2022 Mercedes-AMG SL-Klasse R232

2022 Mercedes-AMG SL-Klasse R232

Merc SL ‘goes back its roots’. All-new rag-top roadster is an AMG project – cue big V8s and attitude. By Ben Miller.


Inside the new Mercedes-Benz R232 SL


What does SL mean to you? The first, introduced in ’1954, was a competition-bred tiger of a car based on a race winner, the W194. The fifth and sixth-gen cars were big ol’ pussycats. In between, Paul Bracq’s W113 and the pert R107 weren’t road racers but they were small, perfectly formed and fun. The new seventh-gen car is an AMG project that shares its new platform, MSA, with the still-under-wraps new GT, so you perhaps won’t be surprised to hear Affalterbach’s taken it upon itself to save the SL from mushy mediocrity.


2022 Mercedes-AMG SL-Klasse R232

‘You can only imagine the original SL’s impact. We wanted to take the car back to those roots,’ explains AMG CTO Jochen Hermann. ‘If you think about the 300SL in the ’50s – how far ahead of its time it was – we wanted to take this car back to that, and give it a clear character. The last two SLs were something in between being sporty and a cruiser.’

Affalterbach’s taken it upon itself to save the SL from mushy mediocrity

This is where things get a little contradictory. The original SL was lightweight, small, simple and rear-drive, with a modest straight-six. The new SL is an all-wheel-drive 2+2 with a folding fabric roof (lighter than the previous two cars’ folding hardtops), a wealth of performance-enhancing hardware and, initially at least, a monstrous V8 in the nose. And while AMG’s adamant this is a new, altogether sportier SL, it also admits that because it shares much with the new AMG GT (which will be two-seat, tin-top and with a transaxle set-up), the SL can’t be too sporty, for fear of what Hermann calls ‘overlapping’.

‘Sporty does not have to mean rock-hard dampers,’ explains Hermann. ‘It can mean precise and predictable. You don’t need to make a car uncomfortable to achieve these things.’
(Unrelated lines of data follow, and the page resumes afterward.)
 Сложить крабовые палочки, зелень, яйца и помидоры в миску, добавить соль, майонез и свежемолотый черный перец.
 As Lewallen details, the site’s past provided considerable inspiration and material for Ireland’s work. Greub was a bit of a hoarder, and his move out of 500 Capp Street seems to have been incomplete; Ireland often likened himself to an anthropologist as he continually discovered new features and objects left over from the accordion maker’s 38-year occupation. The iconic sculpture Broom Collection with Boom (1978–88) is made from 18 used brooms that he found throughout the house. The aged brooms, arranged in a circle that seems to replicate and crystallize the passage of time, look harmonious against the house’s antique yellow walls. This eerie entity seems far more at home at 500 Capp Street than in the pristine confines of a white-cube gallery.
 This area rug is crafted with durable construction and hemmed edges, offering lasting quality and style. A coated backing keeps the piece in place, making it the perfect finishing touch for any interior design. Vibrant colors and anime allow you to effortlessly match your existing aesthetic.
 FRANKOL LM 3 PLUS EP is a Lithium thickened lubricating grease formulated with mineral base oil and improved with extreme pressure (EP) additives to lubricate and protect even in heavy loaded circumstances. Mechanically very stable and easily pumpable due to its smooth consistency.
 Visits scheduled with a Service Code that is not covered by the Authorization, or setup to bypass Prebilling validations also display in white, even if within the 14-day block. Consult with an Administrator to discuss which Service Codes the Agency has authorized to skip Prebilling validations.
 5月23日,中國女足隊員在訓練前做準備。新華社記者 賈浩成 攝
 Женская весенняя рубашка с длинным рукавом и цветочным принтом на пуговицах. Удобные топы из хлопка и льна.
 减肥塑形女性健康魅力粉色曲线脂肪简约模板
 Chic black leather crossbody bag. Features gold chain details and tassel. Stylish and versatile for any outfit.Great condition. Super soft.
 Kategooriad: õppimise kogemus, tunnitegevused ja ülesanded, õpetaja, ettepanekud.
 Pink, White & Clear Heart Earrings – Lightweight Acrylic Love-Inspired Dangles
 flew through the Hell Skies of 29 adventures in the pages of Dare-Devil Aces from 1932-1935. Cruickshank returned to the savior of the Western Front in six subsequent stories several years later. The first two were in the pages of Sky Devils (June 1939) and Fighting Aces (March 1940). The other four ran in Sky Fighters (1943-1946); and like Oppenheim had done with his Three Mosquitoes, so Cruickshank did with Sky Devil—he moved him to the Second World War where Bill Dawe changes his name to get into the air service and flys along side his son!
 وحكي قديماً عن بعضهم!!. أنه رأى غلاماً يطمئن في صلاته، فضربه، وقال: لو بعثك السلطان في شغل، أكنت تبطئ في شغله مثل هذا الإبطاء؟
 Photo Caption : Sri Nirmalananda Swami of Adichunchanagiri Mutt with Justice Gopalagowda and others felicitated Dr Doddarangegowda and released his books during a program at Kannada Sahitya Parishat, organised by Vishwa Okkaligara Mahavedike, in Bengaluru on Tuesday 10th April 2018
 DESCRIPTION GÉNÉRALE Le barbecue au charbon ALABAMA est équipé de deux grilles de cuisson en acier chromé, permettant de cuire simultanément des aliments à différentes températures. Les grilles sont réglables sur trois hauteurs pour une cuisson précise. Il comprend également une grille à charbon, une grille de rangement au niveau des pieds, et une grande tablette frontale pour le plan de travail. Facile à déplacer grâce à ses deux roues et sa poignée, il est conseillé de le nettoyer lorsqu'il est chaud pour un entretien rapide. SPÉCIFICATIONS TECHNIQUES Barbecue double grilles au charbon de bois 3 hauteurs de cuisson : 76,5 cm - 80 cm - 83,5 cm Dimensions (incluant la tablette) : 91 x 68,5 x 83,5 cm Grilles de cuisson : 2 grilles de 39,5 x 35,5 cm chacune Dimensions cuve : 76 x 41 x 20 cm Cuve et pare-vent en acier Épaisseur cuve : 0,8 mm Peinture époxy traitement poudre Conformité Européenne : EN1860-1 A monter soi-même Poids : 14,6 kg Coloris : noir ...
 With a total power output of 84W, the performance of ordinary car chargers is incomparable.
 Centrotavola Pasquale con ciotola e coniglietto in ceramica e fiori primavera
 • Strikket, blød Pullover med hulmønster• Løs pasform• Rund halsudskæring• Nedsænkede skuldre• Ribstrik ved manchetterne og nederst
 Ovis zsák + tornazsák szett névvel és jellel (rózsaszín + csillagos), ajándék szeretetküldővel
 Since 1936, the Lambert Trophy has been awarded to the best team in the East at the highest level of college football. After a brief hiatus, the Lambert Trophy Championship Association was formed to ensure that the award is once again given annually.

Certainly, there’s much here that’s promising. Semi-active roll control and rear-wheel steering can, when calibrated sweetly, give a car real versatility, from laid-back right through to ballsout. The AMG 4.0-litre M177 V8 in the range-topping 577bhp SL63 (3.6sec 0-62mph and 195mph) is also a peach. (The 469bhp SL 55 does without the 63’s adaptive dampers and e-diff.) For now at least, AMG is ruling out a V12 or pure-electric SL on this platform, but smaller engines and hybrids will come.

The SL gets all-wheel drive, though without the E63’s rear-drive- only option. Still, it promises to be nicely rear-biased. ‘With all the systems and modes, including the e-diff, the power split across the axles and the rear-wheel steering, you can make this car very sporty with the push of a button,’ claims Hermann.

Those toys come at a price, though: weight. On paper the SL 63’s a soft-top 911 Turbo 992 rival, but its kerbweight of 1970kg is nearly 200kg heavier. Back to its roots? Doesn’t look like it. But it may prove to be a fine SL nonetheless.

The SL’s actual roots: the tiny, lightweight and simple W194. Wheel could really use a few more controls Exterior is by-numbers modern Merc.